_Exercise brief_
Go through the listing below and write out exactly the lines from the one that mentions "Camiseta de Tirantes" through the one that mentions "Curvy obsidian tips", minus the pictures.

_Records provided_
BEGIN

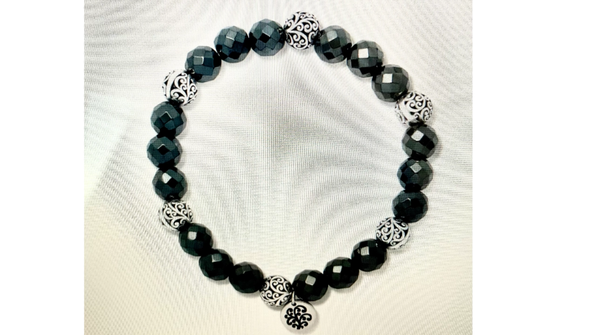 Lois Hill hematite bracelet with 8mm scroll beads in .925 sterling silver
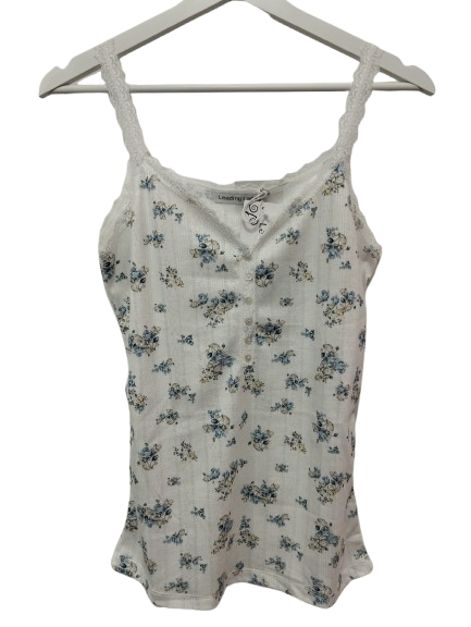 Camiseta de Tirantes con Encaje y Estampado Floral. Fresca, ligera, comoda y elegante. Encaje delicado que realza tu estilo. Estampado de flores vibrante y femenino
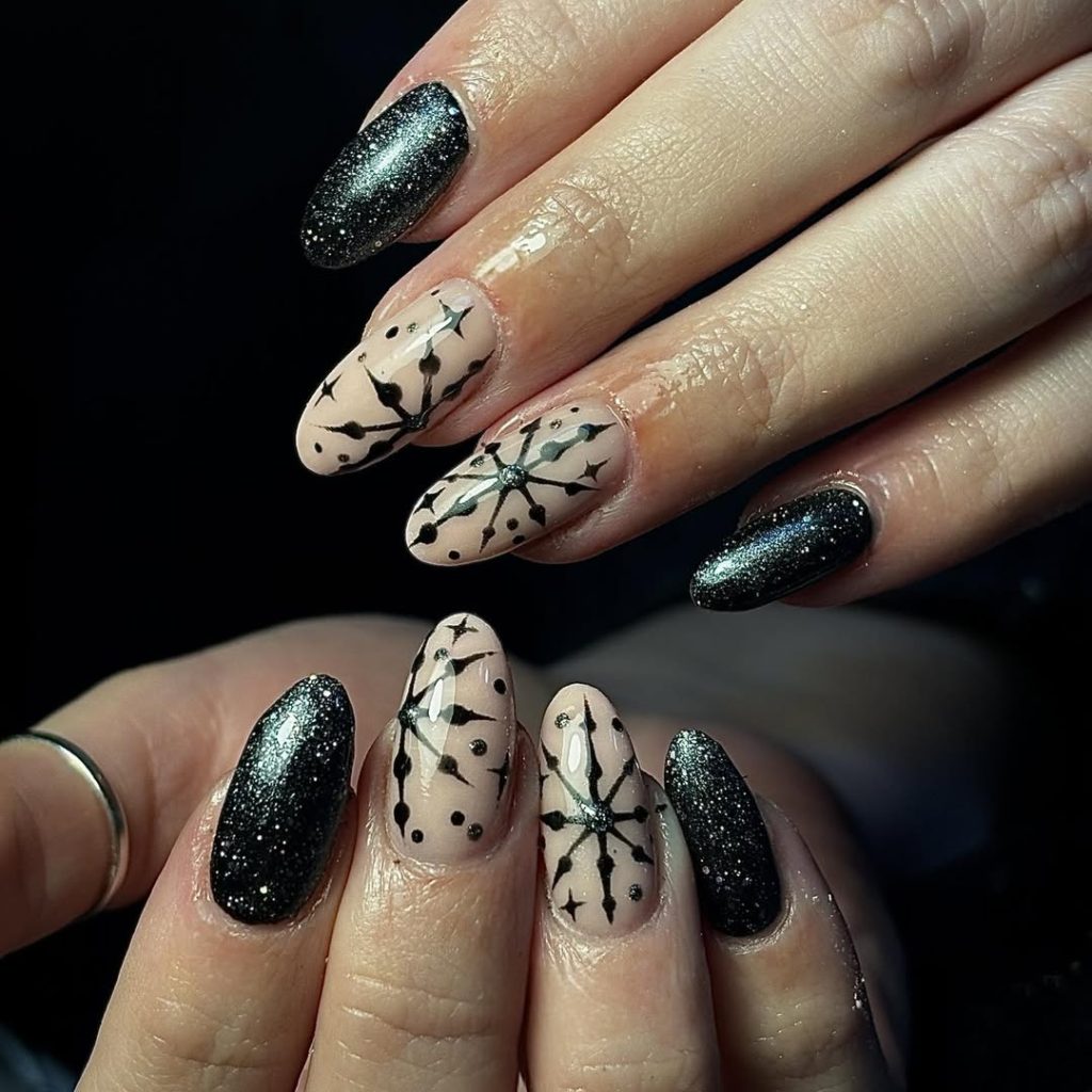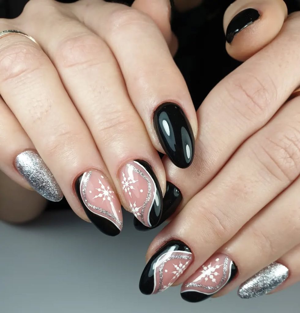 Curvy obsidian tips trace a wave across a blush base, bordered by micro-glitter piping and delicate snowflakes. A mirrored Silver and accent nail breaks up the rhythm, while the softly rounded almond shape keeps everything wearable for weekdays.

END
BEGIN

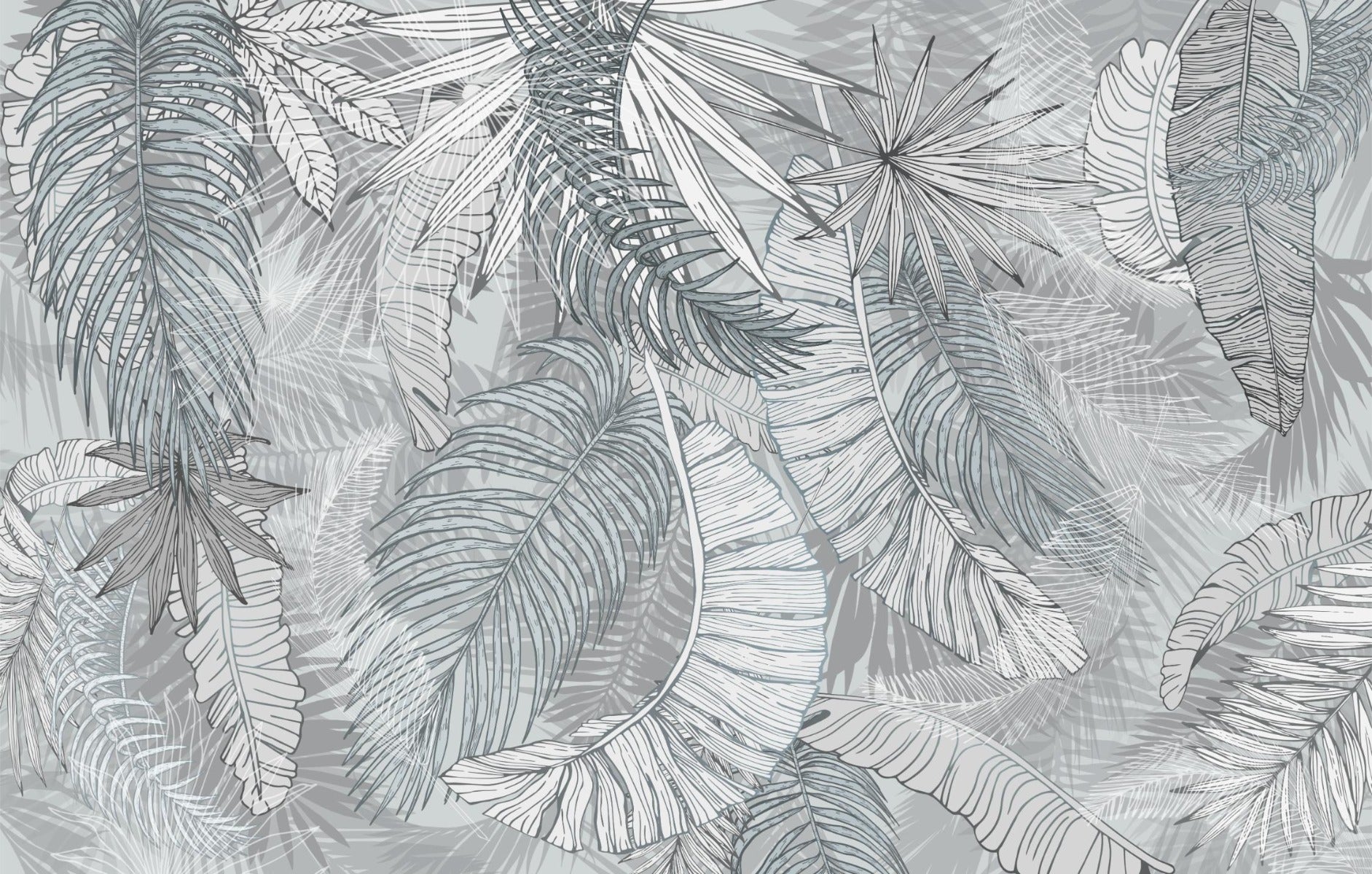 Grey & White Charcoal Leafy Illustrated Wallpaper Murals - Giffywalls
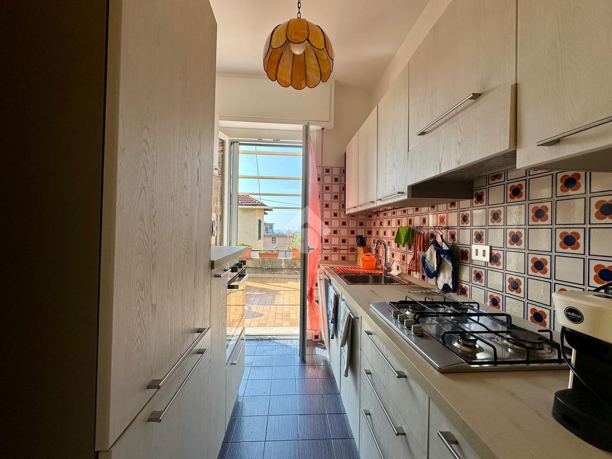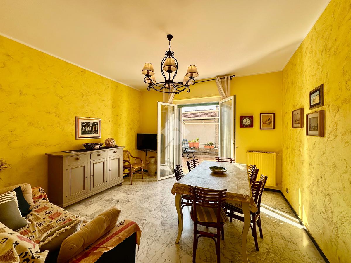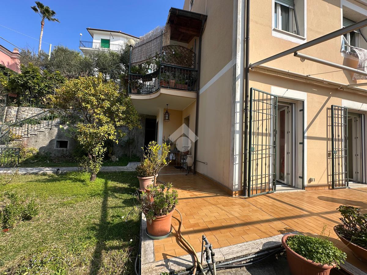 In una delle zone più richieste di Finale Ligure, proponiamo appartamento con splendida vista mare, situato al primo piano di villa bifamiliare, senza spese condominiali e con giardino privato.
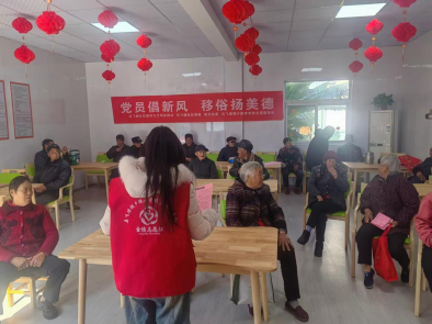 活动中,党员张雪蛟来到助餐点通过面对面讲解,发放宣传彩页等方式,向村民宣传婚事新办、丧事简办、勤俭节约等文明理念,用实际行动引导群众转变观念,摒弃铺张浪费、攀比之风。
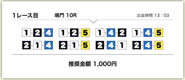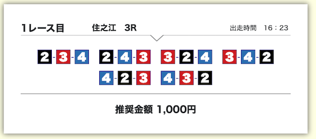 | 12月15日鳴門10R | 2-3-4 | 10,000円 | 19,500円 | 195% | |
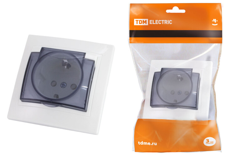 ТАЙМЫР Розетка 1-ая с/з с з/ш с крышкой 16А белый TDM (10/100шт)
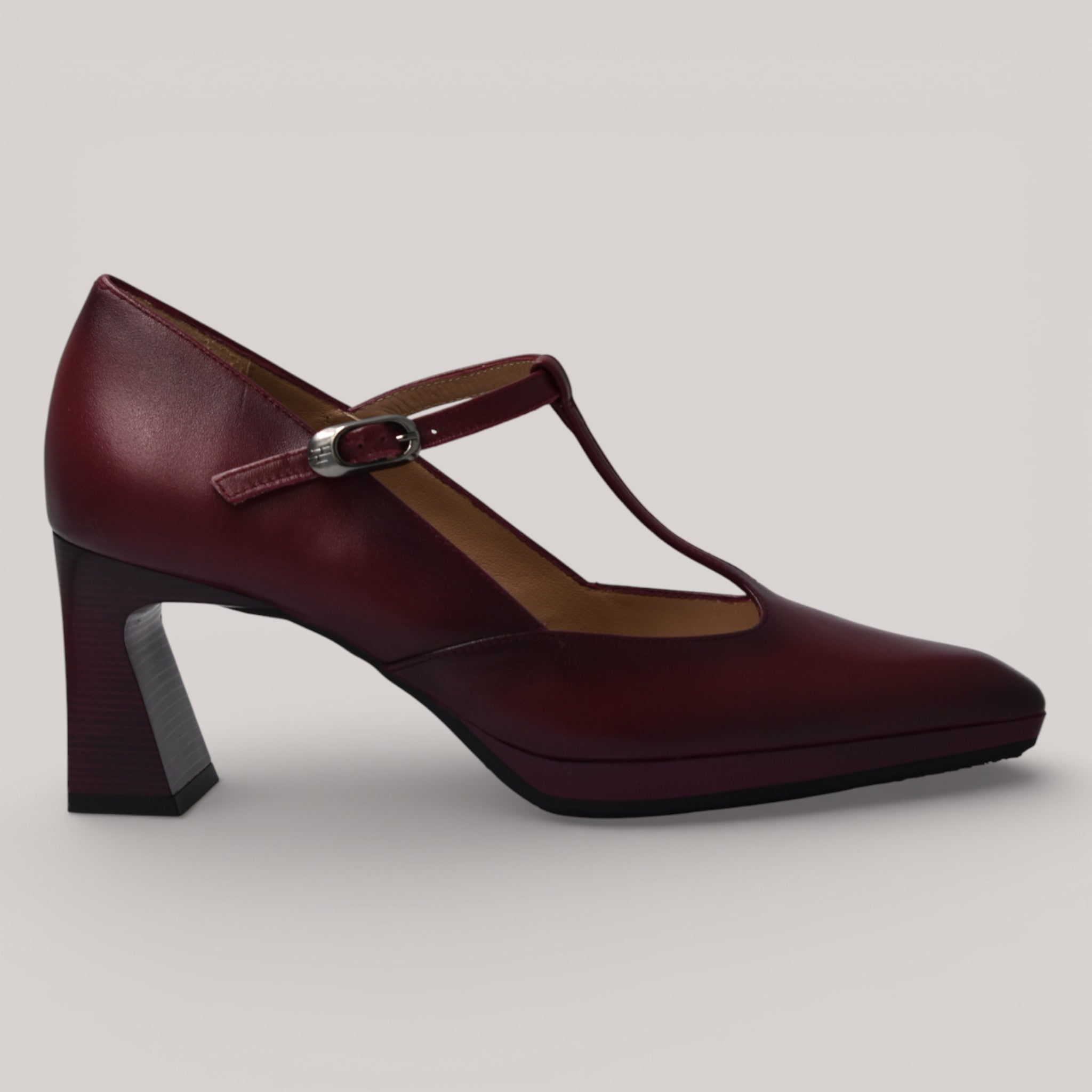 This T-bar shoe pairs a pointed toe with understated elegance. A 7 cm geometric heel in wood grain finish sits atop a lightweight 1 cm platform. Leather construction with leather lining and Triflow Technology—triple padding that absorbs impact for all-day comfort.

END
BEGIN

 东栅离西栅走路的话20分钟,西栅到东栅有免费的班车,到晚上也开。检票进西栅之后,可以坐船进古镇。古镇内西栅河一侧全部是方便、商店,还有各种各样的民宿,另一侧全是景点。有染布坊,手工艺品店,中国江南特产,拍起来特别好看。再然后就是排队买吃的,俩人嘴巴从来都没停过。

END

_Response to this task_
 Camiseta de Tirantes con Encaje y Estampado Floral. Fresca, ligera, comoda y elegante. Encaje delicado que realza tu estilo. Estampado de flores vibrante y femenino
 Curvy obsidian tips trace a wave across a blush base, bordered by micro-glitter piping and delicate snowflakes. A mirrored Silver and accent nail breaks up the rhythm, while the softly rounded almond shape keeps everything wearable for weekdays.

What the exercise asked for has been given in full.